A lot of problems stem from teenagers' overactive lives: sports, music, drama or other kinds of extracurricular activies; babysitting regularly, working in shops and supermarkets - as well as having a social life. They think they can have it all and still get the results.
However, for the few kids who captain the school football team, hold down a part-time job and get 600 points, there must be far more who are burnt out.
So what is the most sensible way for students to manage their time? How can they strike the right balance between study, leisure and, most contentiously, paid work? Is after-school study the key? Is there such a thing as over-studying?
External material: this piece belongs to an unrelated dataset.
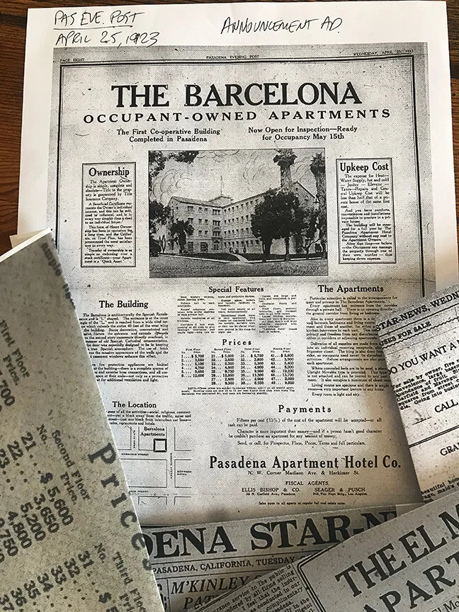 From 1922 to 1924, The Littleton Company advertised in the Pasadena Star-News and Pasadena Evening Post, as well as the Los Angeles Times. The Littleton Company became known for quality and innovation. The Barcelona was their biggest project, before closing their doors midway into supervising the construction of The Pasadena Playhouse, in 1924. Source: Pasadena Public Library microfilms of Star-News and Evening Post; Newspapers.com for LA Times ads.
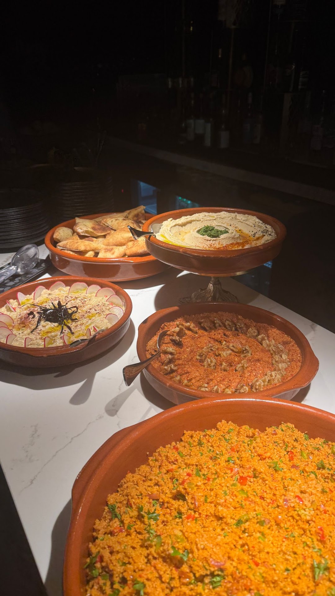 Read moreMy close friend and I were in Key Biscayne for the weekend and had the absolute pleasure of the “tasting experience” at Levant in Coral Gables. It was truly a culinary experience to remember – we loved it. From the moment we walked in, we were greeted with warm smiles and a welcoming/trendy atmosphere that set the tone for an exceptional evening. The flavors of the food were out of this world, and every dish was a masterpiece in its own right. It was paired with the most delicious cocktails. The waitress, bartender, and chef made our experience so special and went out of their way at every step. They came to the table, got to know our tastes, and really took that to heart to ensure when they created the dishes. We learned through the process as well. Our waitress was an absolute gem. She was not only attentive and knowledgeable but also brought a genuine enthusiasm to our table. Her passion for the food and the restaurant was evident, and she made us feel like honored guests. We felt like she was genuinely excited to share the culinary journey with us, and she was so accommodating – we could have had more of any of it (but we were so full!). Lastly, let me tell you about the dessert. Whatever you do, do not skip dessert at Levant! The Baklava we had was, without a doubt, the best we've ever tasted. The layers of flaky pastry, the honey-infused sweetness, small crushed pistachio and the perfectly balanced nutty flavors were a revelation. That and the herbal tea from turkey was the ideal ending to a fantastic meal, and we cannot recommend it enough. Levant in Coral Gables is a true gem for anyone looking to savor the flavors of the Mediterranean. The combination of exceptional food, a passionate chef, and a wonderful waitress made this dining experience the best of...

Pupils at Colaiste an Phiarsaigh in Glanmire, Cork, have set achievement records at both Junior and Leaving Cert levels: in the past two years, 25 per cent of its students got 500-plus points and more than 80 per cent took exam papers at higher level. Is there a special secret to their success?
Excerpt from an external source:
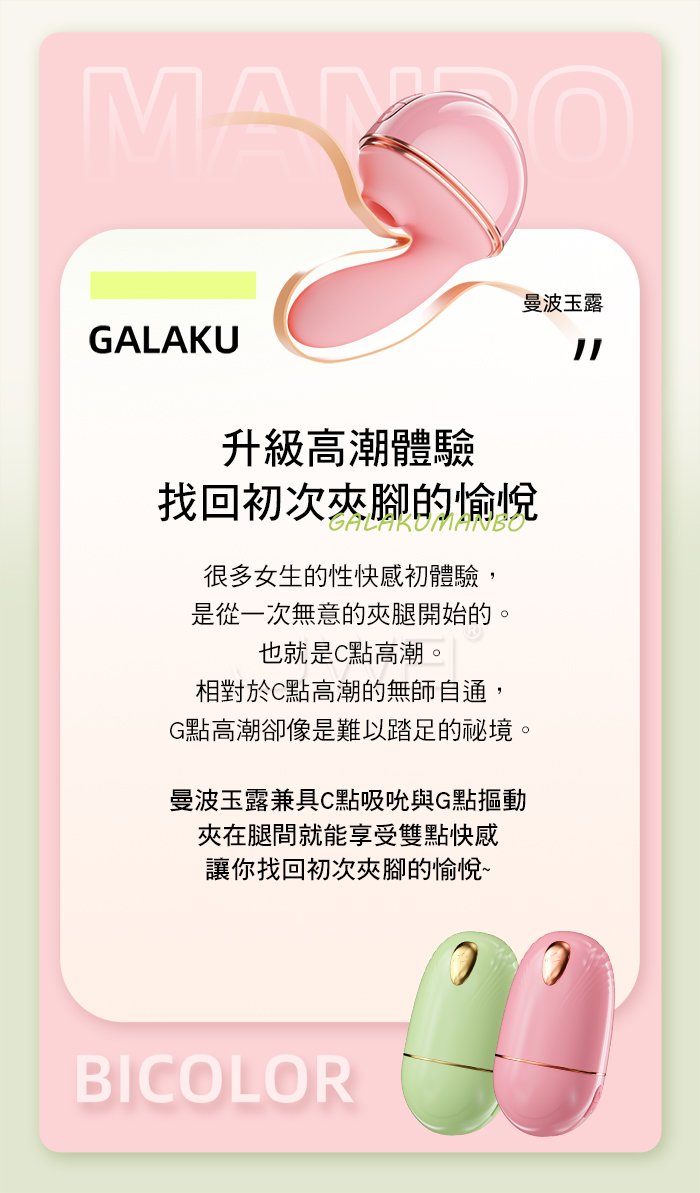 雙潮喚起,夾住腿就能嗨,曼波玉露兼具C點吸吮與G點摳動
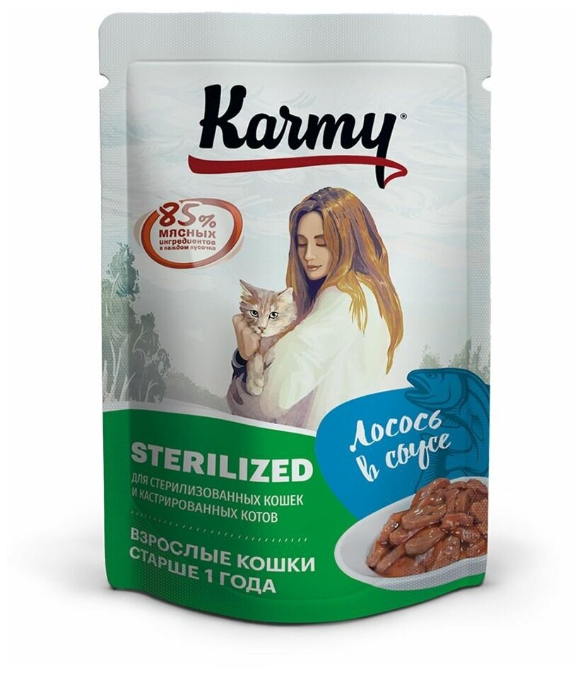 Влажный корм KARMY STERILIZED для стерилизованных кошек и кастрированных котов старше 1 года Лосось в соусе Паучи 24шт по 80г

Rosailin Ni Dhonnchu teaches English and history in the 480-pupil, co-educational, non-fee-paying secondary school, in a town that is now a Cork suburb. She says the school makes a very strong effort to establish good study habits from first year. By third year, it expects pupils to be doing 15 hours of homework/study a week - two hours each night, five at the weekend, with one night off. In fifth and sixth years, this would rise to 20-to-25 hours a week - three hours per night, up to 10 hours at weekends.
Pupils are also encouraged to be well-rounded; drama is part of the curriculum, as well as being offered after school, and the school has both a brass band and a traditional music group. Last year, the boys' basketball team won the all-Ireland under-16s championship, and the girls played in the finals.
"The day here is very varied - it's not totally academic," says Ni Dhonnchu. There are only, on average, 18 pupils in each Leaving Cert class; there is strong home/school communication; and the school has a policy of targeting reluctant pupils early on. "Students aren't able to slip through the net here."
By senior cycle, students get advice on study habits and a lot of help from guidance counsellor Bernadette Breathnach. Interestingly, the school doesn't have supervised after-school study - it offered it last year, but there wasn't much demand.
Ni Dhonnchu is hardline about paid work. "We discourage it in fifth and sixth years, we do not advise it. Our top achievers certainly weren't doing paid work."
Senior cycle students should, she says, take one night a week off from studying, and one weekend day, to relax properly - and to keep up extracurricular activities (as long as they are relaxing, and don't tire pupils out for the school week).
Like Kathleen Brennan, a guidance counsellor at St James CBS in Dublin, Ni Dhonnchu says the exact balance is unique to each student. Some pupils can handle more activities than others - there are even some "who need to take a night off and won't," says Ni Dhonnchu.
Teachers seem to object more to paid work than to students' social lives; parents are more ambivalent about the jobs, possibly because they ease the family financial burdens.
Brennan doesn't say jobs should be forbidden completely in fifth and sixth years, but argues that when and how students work is important: if they work three hours a day, three days a week, it will inevitably affect a night's study, as will working until 10 or 11 p.m. on a school night. On the other hand, working in a Dublin inner-city school, she is conscious that some students are contributing to the family budget.
Weekend outings are vital, Brennan says. "Students shouldn't give up everything - it's not all about points. Anyway, to study properly, teenagers do need fresh air and physical activity."
Like Ni Dhonnchu, Brennan emphasises building study habits in fifth year: apart from getting into the swing of studying, they will feel psychologically prepared for sixth year if they have covered a lot of the ground. Essentially, Brennan says, "the idea is to be consistent about work - it shouldn't be feast or a famine."